Atlanta 96 significó la peor humillación en la historia del deporte olímpico de la Gran Bretaña. Un equipo plagado de estrellas terminó en el lugar 36 del medallero, con sólo una presea de oro. La prensa calificó la actuación como “ridículo legendario”, y algunos atletas fueron insultados en las calles.

Veinte años más tarde, el equipo británico va a terminar por encima de China en el medallero olímpico, en lo que constituye una sorpresa mayúscula, pero que es consistente con su espectacular ascenso desde aquellos Juegos donde tocaron fondo. ¿Qué pasó? ¿Cómo se pudo operar ese cambio?

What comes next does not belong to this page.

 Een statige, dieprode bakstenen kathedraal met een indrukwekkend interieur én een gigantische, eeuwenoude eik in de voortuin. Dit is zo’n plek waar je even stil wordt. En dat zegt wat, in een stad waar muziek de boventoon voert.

La solución fue sorprendentemente simple. En 1997 el gobierno de la isla determinó que un porcentaje de los ingresos de la lotería nacional iría destinado a la preparación de los atletas olímpicos y creó una oficina para ello. Nada más. La gente empezó a comprar billetes en masa y el destino del deporte cambió. En estas dos décadas, el presupuesto olímpico británico pasó de 20 millones de libras a 274 por ciclo olímpico.

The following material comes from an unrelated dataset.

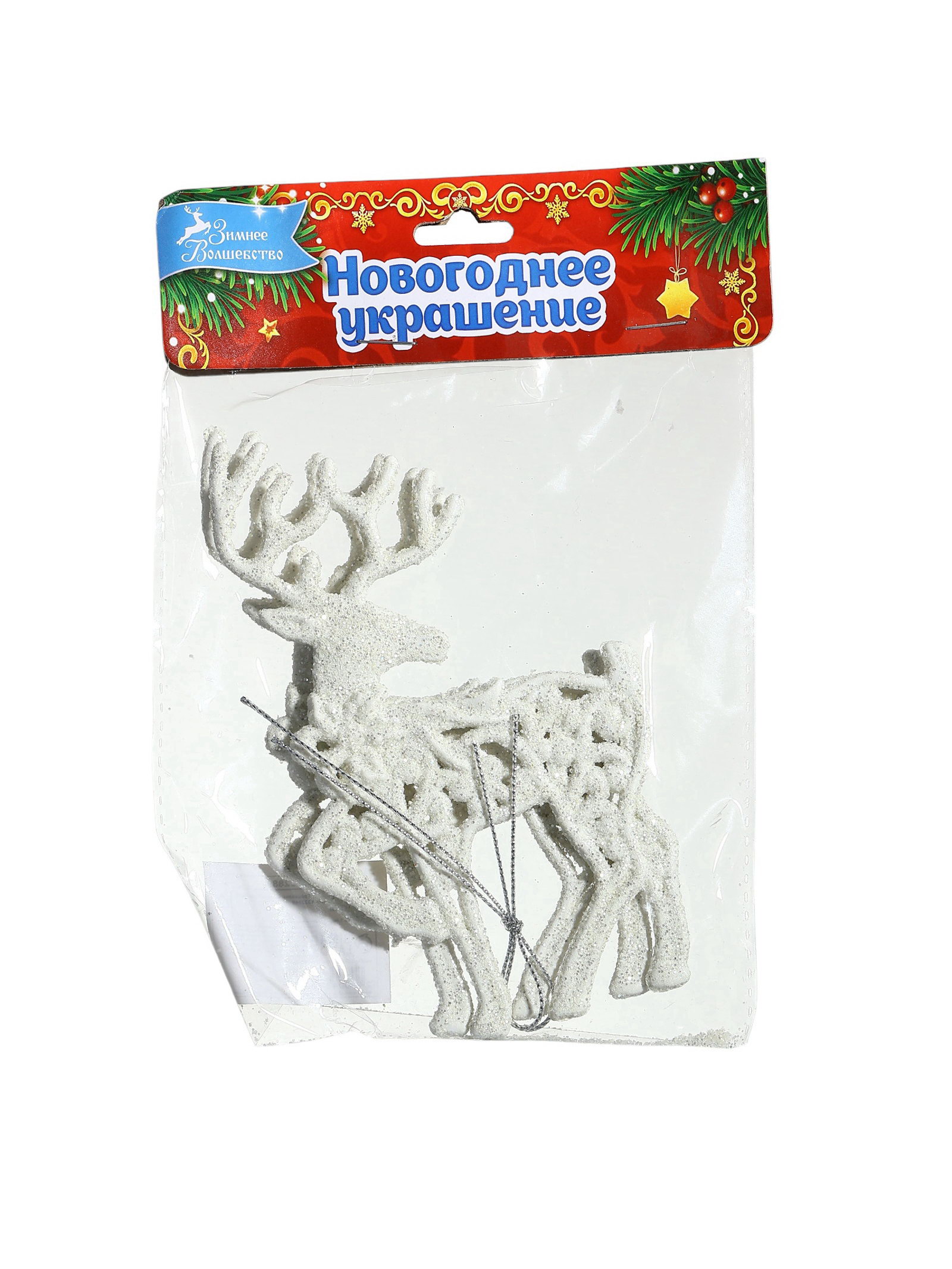Ёлочные игрушки 2 шт. "Зимнее волшебство. Грациозный олень" пластик, 9x12 см, белый, 9x12 см., Зимнее волшебство, Китай

¿Puede México hacer algo así? Podría ser. Se necesita para ello que pasen tres cosas, por lo menos. En primer lugar que el gobierno se decida. La Lotería Nacional en el país tiene fines sociales. No se llama “Para la Asistencia Pública” nada más porque sí. Sería injusto quitarle el dinero a quienes lo necesitan. Pero sí se podrían crear sorteos especiales para el deporte o pensar en mecanismos específicos.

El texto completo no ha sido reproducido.